В том месте, где тропа выходила на поляну, на границе зарослей багульника и поляны мой благодетель разговаривал с мужиком, что был ему по бороду, не по-таежному цивильно одет, а на фоне баса хозяина козы его голос слышался почти что бабьим визгом и показался мне знакомым. Заметив, что я встал, гигант в церковном облачении сделал какой-то жест, и его собеседник, торопливо кивнув, засеменил по тропе в сторону Озера. И тут я узнал его.
– Стой, сука! – взревел я, выхватывая «пушку» из кармана.
Вместо выстрела – щелчок. Патрона почему-то не оказалось в патроннике. Передернув затвором, я кинулся к тропе и на бегу успел пальнуть пару раз в мелькавшую меж кустов спину, но был как скалой перехвачен…
– Убийства жаждешь?
– Это «Митрич» Каблуков! Он нас всех подставил, гад! Из-за него… Не мешай!
– А ключи помнишь? – спросил громоподобно «святоша», и голубые молнии сверкнули в его небесных глазах.
– Какие еще, к черту, ключи?! – хрипел я, задыхаясь яростью.
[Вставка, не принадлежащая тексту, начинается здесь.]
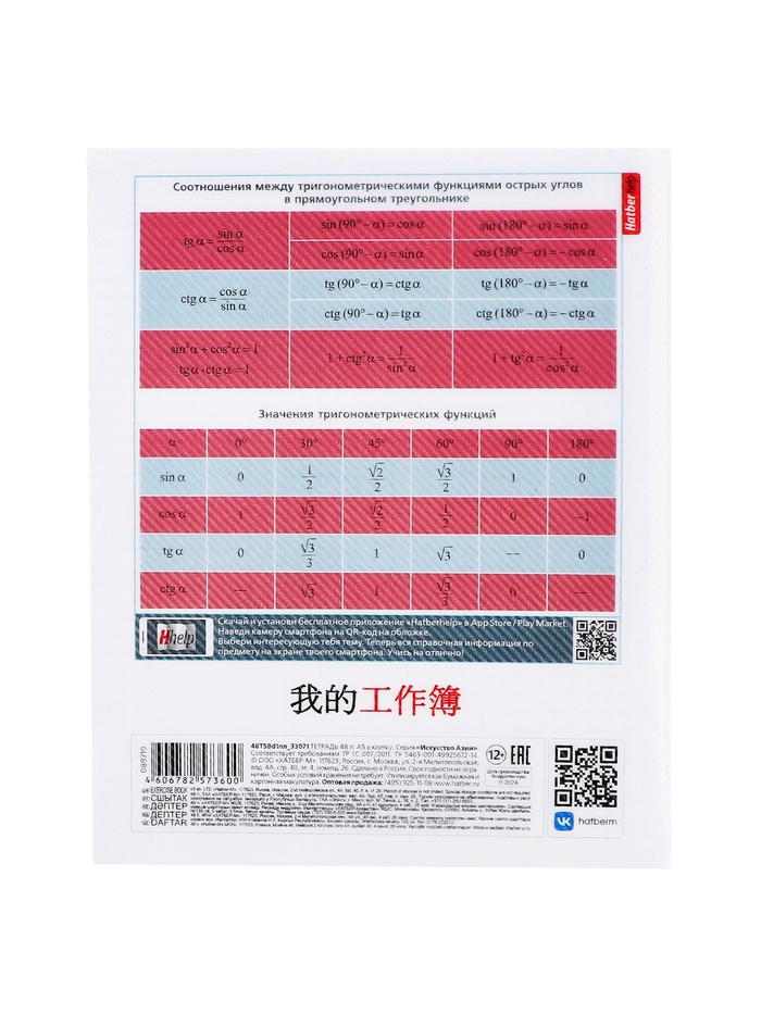 Тетрадь 48 листов в клетку «Искусство Азии» ГЕОМЕТРИЯ, пластиковая обложка с печатью, тиснение фольгой, с интерактивным справочником, блок оф... — Характеристики
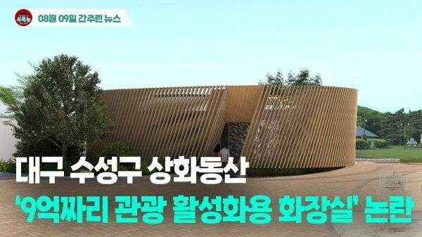"대구 수성구가 수성못 상화동산 공중화장실 리모델링에 9억 원을 투입합니다. 올해 12월 15일 준공 목표입니다. 화장실에 예술작품을 접목해 품격을 높이고 수성못 관광 활성화를 꾀한다는 취지입니다. 95.4 제곱미터 규모의 화장실에 천연목재 외부 디자인을 적용해 주변 경관과 조화를 이루게 하고, 이용 편의를 위한 완경사 램프도 조성합니다. 곡 유리 벽면으로 자연채광 및 외부조망이 가능하도록 하고, 냉·난방기 등 편의시설과 주변 디자인 조명을 설치합니다."

– Ключи в замке зажигания! Об этом ты помнишь?
– При чем здесь ключи? – взвыл я вдруг осипшим голосом.
– Но ты же помнишь о них?
Я пятился, а он наступал, словно загонял в угол. Боже мой! Как он был велик и прекрасен! Почти на голову выше меня, а я – выше среднего… Легким касанием длани своей, что величиной со сковородку, он бы мог запросто сломать мне шею или… зашвырнуть на небо. Меня вдруг охватил соблазн застрелить его, не пристрелить, а именно застрелить, чтоб заткнулся и потух глазами-сверлами, и так велико было искушение, что запихал торопливо «пушку» в карман и куртку застегнул на все оставшиеся пуговицы. Опустился на траву рядом с козой, которая на радостях миролюбиво боднула меня в бок.
– Пришли великие времена, – басил надо мной ее хозяин, – а ты суетой обуян, намерениями жалок и оттого слаб душой и телом.
– Мои намерения…
– Они мне известны, – отрезал.
– Вообще бы и познакомиться не мешало, – пробормотал я, окончательно пасуя.
– Зови меня отец Викторий. А про тебя все знаю. Пошла прочь! – это он козе, которая лезла целоваться. Покорно вякнув, она отпятилась от меня на пару шагов и вперилась в хозяина заискиваюшим взглядом.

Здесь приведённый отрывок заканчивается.